Deliver Us From Evil (2014) Review


This movie sounded like more of a horror based and modern take on Se7en from the blurb I had found online, which is why I took it upon myself to watch it.

That was a mistake. Not me choosing to watch it, just the blurb which talked it up way, way too much. Deliver Us From Evil is a religious-horror themed crime-thriller starring Eric Bana as Detective Satchii, from special-ops. Being set in the Bronx means we get to see a lot of graffiti and beat up old houses. I’ve never been there but I’m sure that there must be some nice parts of the Bronx. But then again we all know that ghosts and ghouls and satanic demons all prefer a crack den over a nicely furnished penthouse.

Satchii is investigating some rather morbid child murders starting with a 6 month old baby and spanning to a 6 year old.
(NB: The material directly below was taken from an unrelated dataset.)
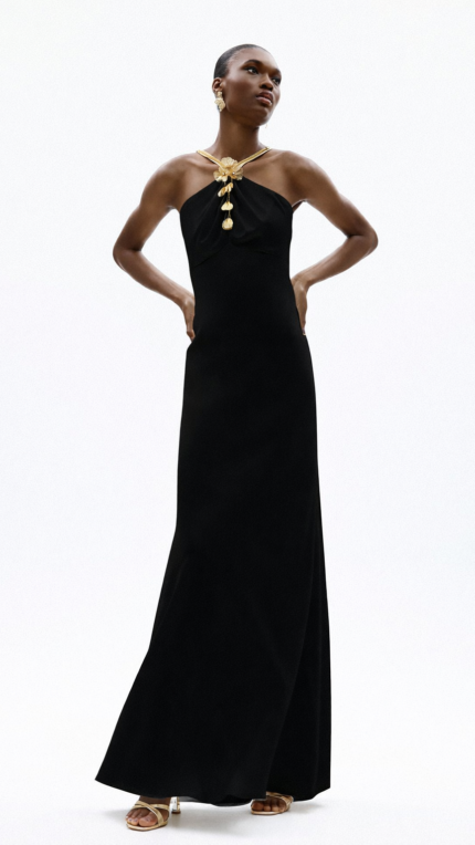 Abito Allure Glow scollo all’americana morbido con fiore oro al collo decorativo nel colore nero
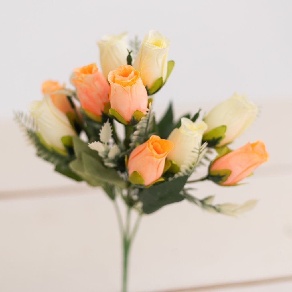 Dekoratívna kytička ružičiek v puku pôsobí jemne, prirodzene a veľmi elegantne. Kombinácia krémových a oranžových odtieňov spolu so zelenými lístkami vytvára harmonický a nadčasový vzhľad. Kytička má 5 pevných stoniek a spolu 10 detailne spracovaných hlavičiek, vďaka čomu je bohatá a výrazná.

After the movie starts with a found footage piece from some soldiers in Iraq, we are chucked into the centre of these crime investigations. A baby found in a dumpster, a 2 year old chucked into a lion’s enclosure at a zoo. So, the detective finds an incredibly weak link in that the soldiers went to war together and just so happened to serve together on the exact mission in the film at the start of the movie. Spurious plot aside, the movie does a good job of showing us the relationship between the detective and his partner cop. The nature of each crime keeps the intrigue up for the viewer.

By half way through the film, for no explainable reason, our Detective starts to become religious and believes, trusts and enlists the help of a Jesuit exorcist. After a goose chase of random ‘possessed’ people and a very slow uneventful build up we get a 30 minute long exorcism to finish up the movie.

This, in my opinion was the best part of the film, just a shame that I was half asleep by this point after 1h30 of slow build up and back story. The exorcism is fun and scary and gritty and I loved it.

This is a film that I honestly cannot say is great but also hand on heart cannot say is bad either. One thing, though, is that it felt like it would fit a feature length TV structure a bit like True Detective.